Now we declare two global variables: The %env hash (table or dict) associates variable names with their values. %functions holds our builtin functions. The values are anonymous functions.
my %env;
my %functions = (
add => sub { $_[0] + $_[1] },
mul => sub { $_[0] * $_[1] },
say => sub { say $_[0] },
bye => sub { exit 0 },
);
Now comes our read-eval-loop (we don't print by default). The readline operator <> will read from the file specified as the first command line argument, or from STDIN if no filename is provided.
while (<>) {
next if /^\s*\#/; # jump comment lines
# parse the line. We get a destination $var, a $command, and any number of #args
my ($var, $command, #args) = parse($_);
# Execute the anonymous sub specified by $command with the #args
my $value = $functions{ $command }->(#args);
# Store the return value if a destination $var was specified
$env{ $var } = $value if defined $var;
}
That was fairly trivial. Now comes some parsing code. Perl “binds” regexes to strings with the =~ operator. Regexes may look like /foo/ or m/foo/. The /x flags allows us to include whitespace in our regex that doesn't match actual whitespace. The /g flag matches globally. This also enables the \G assertion. This is where the last successful match ended. The /c flag is important for this m//gc style parsing to consume one match at a time, and to prevent the position of the regex engine in out string to being reset.
sub parse {
my ($line) = #_; # get the $line, which is a argument
my ($var, $command, #args); # declare variables to be filled
# Test if this statement has a variable declaration
if ($line =~ m/\G\s* \$(\w+) \s*=\s* /xgc) {
$var = $1; # assign first capture if successful
}
# Parse the function of this statement.
if ($line =~ m/\G\s* (\w+) \s*/xgc) {
$command = $1;
# Test if the specified function exists in our %functions
if (not exists $functions{$command}) {
die "The command $command is not known\n";
}
} else {
die "Command required\n"; # Throw fatal exception on parse error.
}
# As long as our matches haven't consumed the whole string...
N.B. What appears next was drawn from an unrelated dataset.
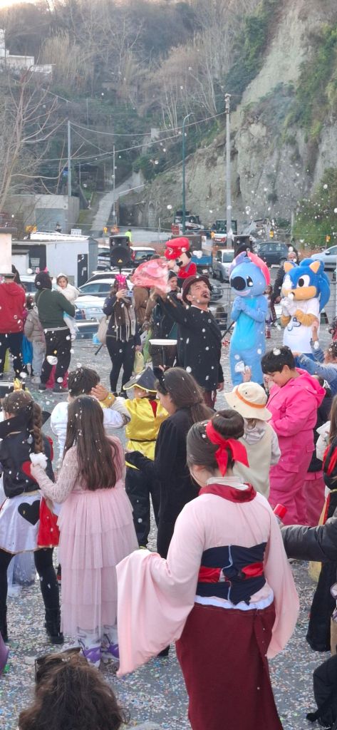 La piazza si è animata di maschere variopinte e costumi stravaganti, ma a catturare l’attenzione di tutti sono state le mascotte giganti di Super Mario e Yoshi, Sonic e Stitch. Questi amati personaggi dei cartoni animati hanno portato un tocco di magia e avventura, trasformando la festa in un vero e proprio sogno a occhi aperti.

while (pos($line) < length($line)) {
# Try to match variables
if ($line =~ m/\G \$(\w+) \s*/xgc) {
die "The variable $1 does not exist\n" if not exists $env{$1};
push #args, $env{$1};
}
# Try to match strings
elsif ($line =~ m/\G "([^"]+)" \s*/xgc) {
push #args, $1;
}
# Try to match ints or floats
elsif ($line =~ m/\G (\d+ (?:\.\d+)? ) \s*/xgc) {
push #args, 0+$1;
}
# Throw error if nothing matched
else {
die "Didn't understand that line\n";
}
}
# return our -- now filled -- vars.
return $var, $command, #args;
}
Perl arrays can be handled like linked list: shift removes and returns the first element (pop does the same to the last element). push adds an element to the end, unshift to the beginning.
Out little programming language can execute simple programs like:
#!my_little_language
$a = mul 2 20
$b = add 0 2
$answer = add $a $b
say $answer
bye
If (1) our perl script is saved in my_little_language, set to be executable, and is in the system PATH, and (2) the above file in our little language saved as meaning_of_life.mll, and also set to be executable, then
$ ./meaning_of_life
should be able to run it.
Output is obviously 42. Note that our language doesn't yet have string manipulation or simple assignment to variables. Also, it would be nice to be able to call functions with the return value of other functions directly. This requires some sort of parens, or precedence mechanism. Also, the language requires better error reporting for batch processing (which it already supports).